In comments, crosspatch was checking out the isotope list wondering where the gamma radiation was coming from. He was putting them in wolframalpha and it was returning “mode of decay: beta” for every one.
Let me spend a minute on decay. Nuclei are “unstable”, meaning radioactive, when they don’t have a stable balance between the number of protons and neutrons. All known elements with more protons than lead are unstable in every isotope.
(There are heavier stable elements theorized, but we can’t make them yet.)
Every form of decay is the universe’s way of seeking a stable nuclear configuration.
In general, as protons increase, neutrons must increase even more to have a stable isotope. The very first radioactive isotope makes me seem a liar. Tritium, Hydrogen-3, has one proton and two neutrons. It’s unstable. It decays by pure beta emission and becomes Helium-3, which has two protons and one neutron.
Which naturally is stable. The universe is full of stuff like this.
But, in general, the more protons, the more neutrons needed.
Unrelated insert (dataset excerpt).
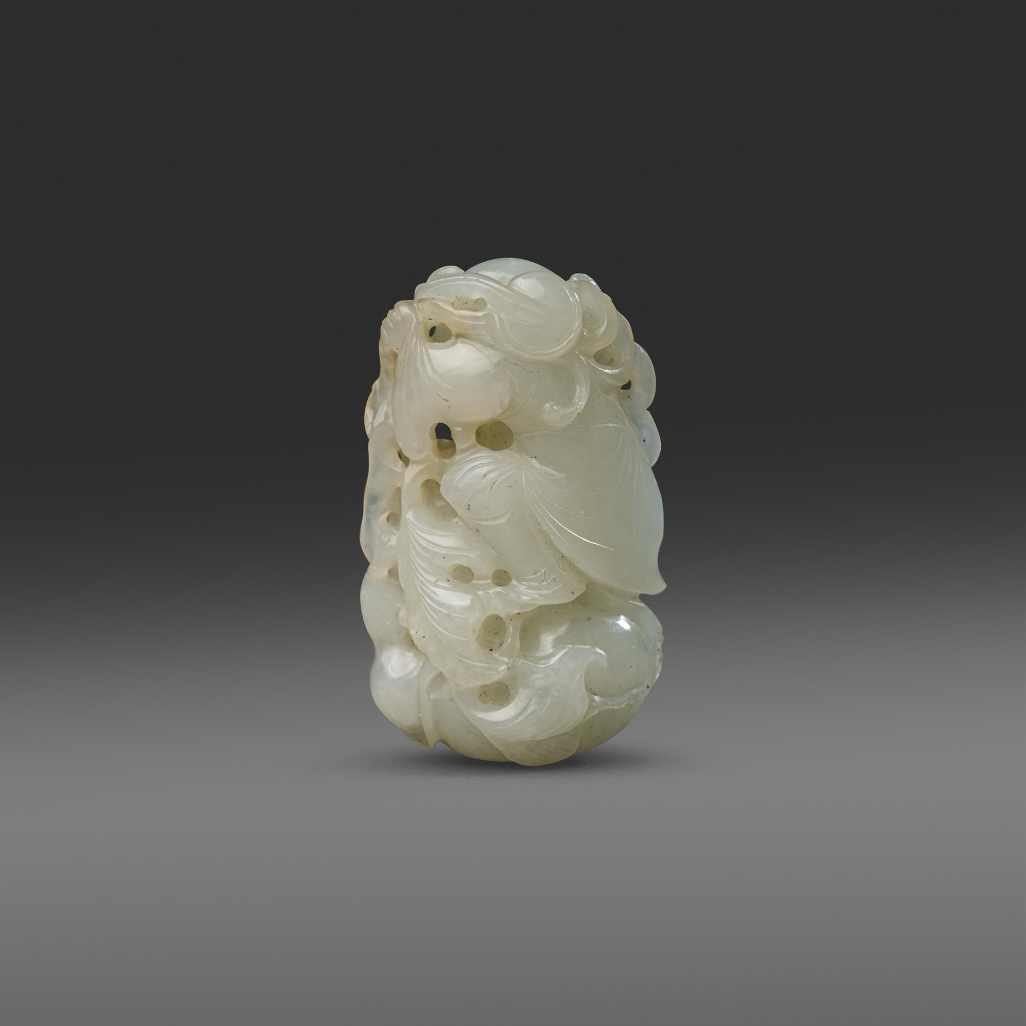 A well carved, white jade pendant depicting a boy in loose robes clasping a giant double gourd, the reverse also well carved with exuberant foliage.

Uranium is element #92. U-235 has a total of 235 protons and neutrons, so it has 92 protons and 143 neutrons. In fission, when one splits apart it usually splits into two smaller nuclei and, let’s say, releases three neutrons in the process. (These can go on to split more U-235 apart.)
So we have two fission fragments that total 92 protons and (now) 140 neutrons. You might expect an even split, which would give you 2 Palladium-116’s.
Almost never happens. Thus the twin-peak fission curve, aka the “Dolly Parton”:
But say you do get identical Pd-116 twins. You’ve now got two radioactive atoms, beta emitters, with a half-life of 11.8 seconds. Almost all fission fragments emit beta. Why?
The new nuclei have too many neutrons for the number of protons. Somewhere between “one too many neutrons” and “wah-hey! too many neutrons”.
Okay, beta particles are electrons to all extents and purposes. So in beta decay a neutron throws out the beta and turns into a proton. This brings things in balance, or closer to balance.
As a rule, the more unbalanced they are the shorter their half-life. Lots of fission products are never a problem because they don’t last long enough to trouble us. But their “daughter products”–the nuclei they turn into–are often radioactive as well.
Okay, this is getting lengthy. Didn’t get past one mode of decay, much less into gammas. Will resume later.
Any questions are of course welcome.